SABTU SORE #28: Ngawangkong Sunda Sambil Lalu, Membicarakan Proses Kreatif Penulisan Esai
Diskusi buku Sunda Sambil Lalu di Perpustakaan Bunga di Tembok. Mengungkap proses kreatif penulisan, meracik pengalaman menjadi gagasan.
Penulis Alwi Anas20 Agustus 2025
BandungBergerak.id - Diskusi bertema “Ngawangkong Sunda Sambil Lalu” yang digelar di Perpustakaan Bunga di Tembok menghadirkan suasana akrab namun penuh makna. Tiga sosok hadir dalam forum ini, yaitu penulis Hawe Setiawan, editor sekaligus penulis Fitra Sujawoto, dan moderator Salma Nur Fauziyah. Dalam suasana santai, mereka membuka proses kreatif menulis yang bersumber di luar meja, dari kehidupan sehari-hari.
Hawe Setiawan mengawali dengan menyampaikan pandangannya bahwa keterikatan dengan tempat adalah salah satu fondasi penting dalam menulis esai. Ia percaya bahwa penulis idealnya berada langsung di tempat yang sedang ia tulis, atau setidaknya membawa "ramuan" khas dari tempat itu ke dalam tulisannya.
Menurutnya, interaksi dengan masyarakat setempat serta pemahaman budayanya menjadi bagian dari cara menggali makna lebih dalam. Proses kreatifnya justru banyak dimulai di luar ruang kerja.
“Sekitar 50% tulisan saya muncul dari obrolan atau perjalanan,” ujar Hawe yang juga dosen sastra di Universitas Pasundan (Unpas), Bandung, dalam diskusi Sabtu Sore, Sabtu, 16 Agustus 2025.
Ide-ide itu dicatat, dikumpulkan, lalu disusun saat ada waktu.

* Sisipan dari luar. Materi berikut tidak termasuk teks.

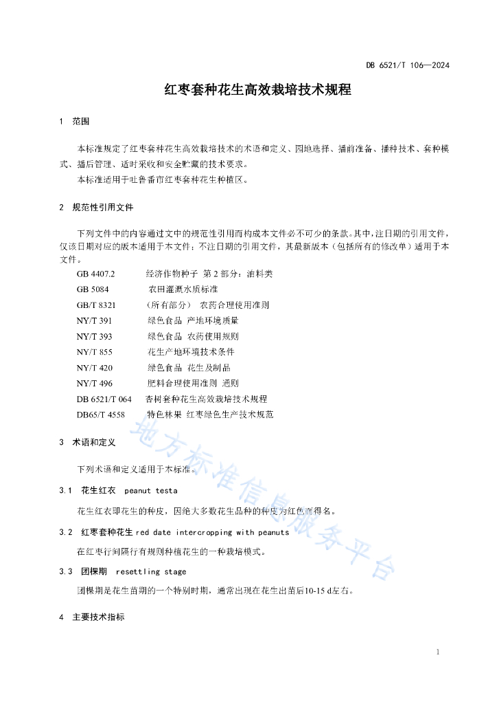 DB6521/T 106-2024 红枣套种花生高效栽培技术规程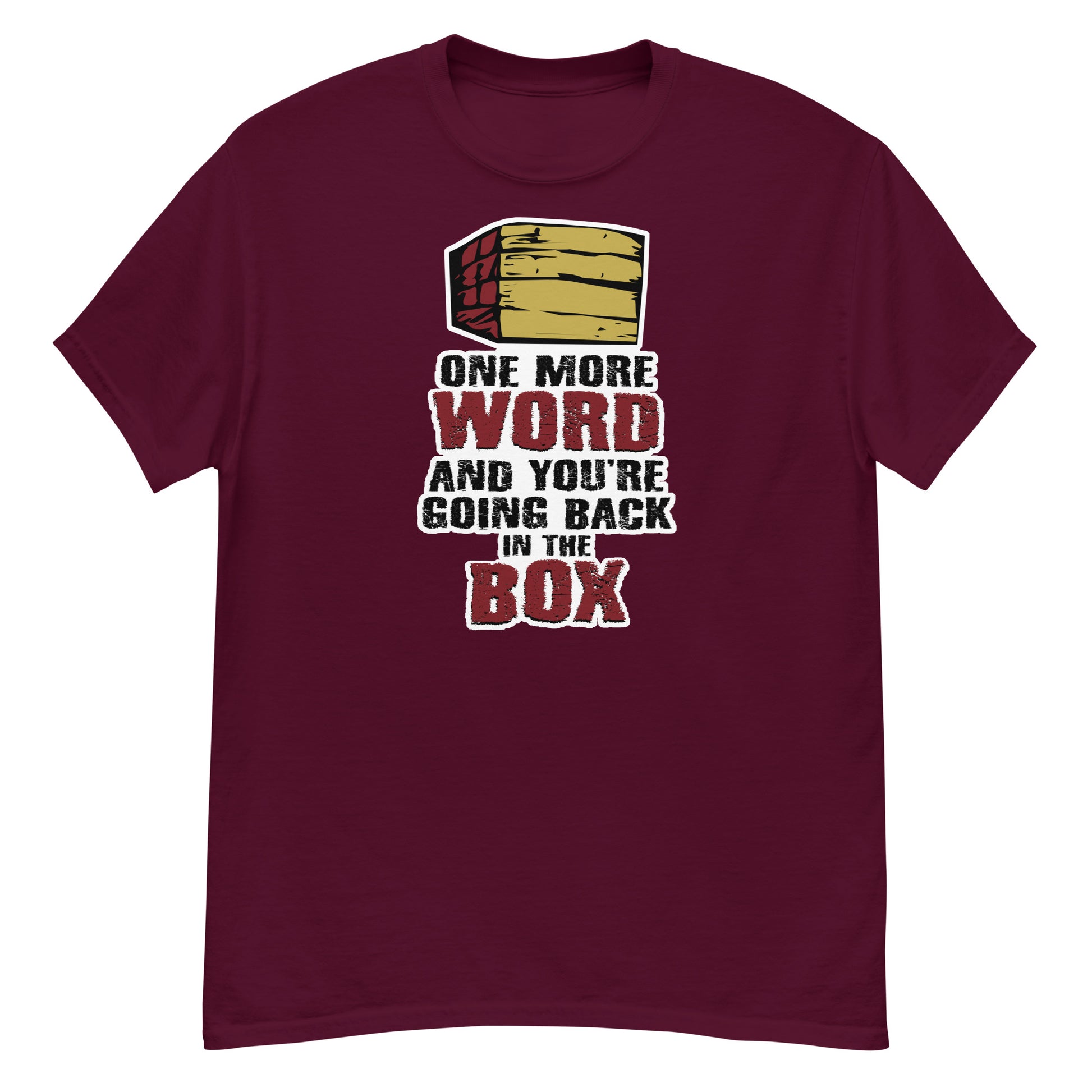 "One More Word and You're Going Back In The Box" T-shirt. Makes a funny gift for you or your True Crime friends.

Prinsipnya sederhana: berbagi keceriaan dan gagasan, bukan bercerita tentang diri sendiri secara langsung. Hawe membayangkan pembaca sebagai teman-teman yang sering ia jumpai, namun ia tetap menyesuaikan gaya penulisan untuk pembaca yang lebih luas.
Ia juga membagikan sejumlah proyek tulisannya, termasuk proyek pribadi yang mendokumentasikan cerita kampung tempat tinggalnya dan terjemahan karya C. Robinson. Dalam penyuntingan, Hawe membagi prosesnya menjadi dua: menulis dan menyunting. Ia menilai bagian penyuntingan sebagai inti dari seni menulis, karena di sanalah paragraf, kalimat, jumlah kata, hingga judul dipertajam. Ia juga menganggap esai sebagai semacam biografi tematik, bukan kronologis, dan lebih memilih mengajak pembaca berpikir daripada memberi jawaban pasti.

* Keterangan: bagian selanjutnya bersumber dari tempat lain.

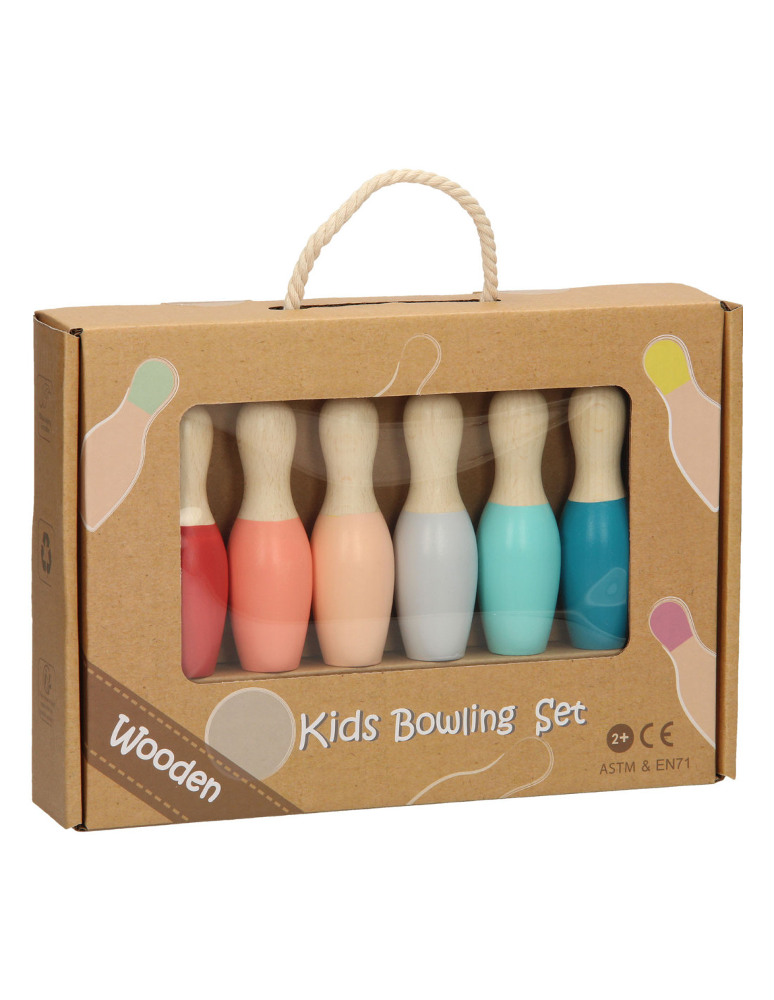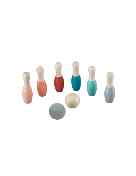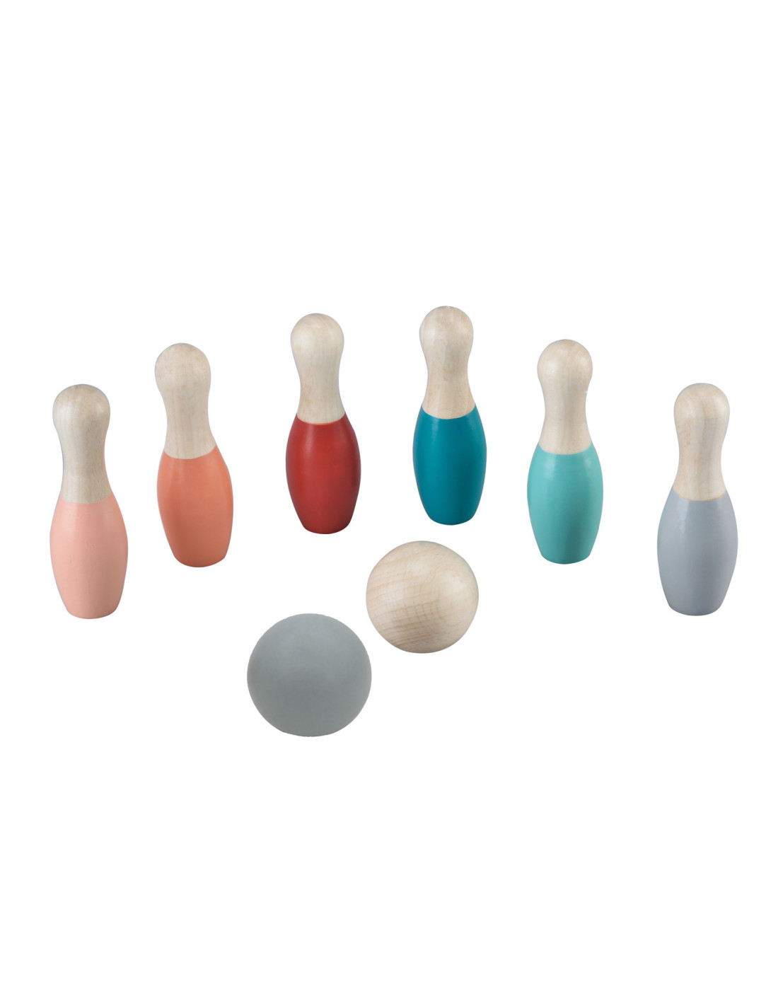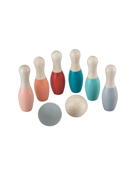 Bowlingset van hout. Rol de kegels om met de houten ballen. De kegels zijn aan de onderkant gedoopt in pastelkleuren verf.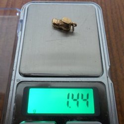 guld hänge i form av en sko . 18 k . 1,44 gr

Sementara itu, Fitra Sujawoto berbagi pengalaman terkait dunia tulisan dan fotografi. Ia menyoroti keunikan tulisan Hawe yang bisa menyambungkan isu personal dengan universal secara alami. Ia juga mencatat keluasan pengetahuan sastra Hawe yang sangat terasa dalam gaya dan isi tulisannya.

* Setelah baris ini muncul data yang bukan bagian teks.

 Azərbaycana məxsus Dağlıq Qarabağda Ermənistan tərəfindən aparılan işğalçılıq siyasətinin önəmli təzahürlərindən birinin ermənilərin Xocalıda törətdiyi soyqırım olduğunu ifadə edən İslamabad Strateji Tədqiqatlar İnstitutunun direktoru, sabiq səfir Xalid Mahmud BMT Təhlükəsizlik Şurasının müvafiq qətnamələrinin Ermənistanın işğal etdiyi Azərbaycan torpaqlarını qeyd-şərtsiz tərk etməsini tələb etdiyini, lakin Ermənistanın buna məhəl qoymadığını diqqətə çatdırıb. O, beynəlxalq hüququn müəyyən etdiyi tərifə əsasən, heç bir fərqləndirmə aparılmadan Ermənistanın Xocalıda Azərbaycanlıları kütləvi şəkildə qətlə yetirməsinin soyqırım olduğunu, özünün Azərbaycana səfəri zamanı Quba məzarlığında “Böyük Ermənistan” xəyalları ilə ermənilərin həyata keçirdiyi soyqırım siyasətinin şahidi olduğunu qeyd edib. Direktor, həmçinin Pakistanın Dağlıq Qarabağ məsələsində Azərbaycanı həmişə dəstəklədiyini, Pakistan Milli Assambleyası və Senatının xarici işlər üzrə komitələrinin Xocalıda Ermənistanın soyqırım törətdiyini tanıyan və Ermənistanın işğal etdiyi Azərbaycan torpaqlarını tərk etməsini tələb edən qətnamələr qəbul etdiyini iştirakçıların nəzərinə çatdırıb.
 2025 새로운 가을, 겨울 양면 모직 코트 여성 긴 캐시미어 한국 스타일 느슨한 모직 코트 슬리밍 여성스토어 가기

Peran Visual dalam Karya Tulis
Hawe turut menyoroti peran visual dalam karya tulis. Ia menekankan pentingnya keseimbangan antara gambar dan kata, karena keduanya bisa saling memperkuat makna dalam narasi yang dibangun.
“Pentingnya keseimbangan antara gambar dan kata-kata dalam karya tulis,” ujar Hawe.
Diskusi ini menyingkap berbagai pendekatan dalam menulis esai—dari kebiasaan mencatat hal-hal kecil, refleksi dari keseharian, hingga kerja sama antar pelaku seni. Setiap proses memiliki tantangan dan nilai tersendiri. Bagi para peserta dan penulis pemula, percakapan ini menyisakan satu pesan penting: menulis bukan hanya soal menuangkan ide, tapi juga soal mendengarkan, merasakan, dan meracik kembali pengalaman menjadi sesuatu yang bisa dibagi.

Baca Juga: SABTU SORE #27: Membaca Cerita Perempuan-perempuan yang Melawan di Buku Nyanyi Sunyi Para Puan
SABTU SORE #20: Membedah Dampak Film Terhadap Perubahan Sosial
Sunda Sambil Lalu
Buku Sunda Sambil Lalu diterbitkan penerbit Hanya Wacana, di Gedung Perpustakaan Ajip Rosidi, Lantai 2, Jalan Garut No. 2, Kota Bandung. Buku ini memuat 45 esai pilihan karya Hawe Setiawan yang sebelumnya pernah dipublikasikan di situs hanyawacana.id sepanjang 2021 hingga akhir 2023. Buku ini disunting Hafidz Azhar, dengan tata letak dan sampul rancangan Sabiq Gidafian.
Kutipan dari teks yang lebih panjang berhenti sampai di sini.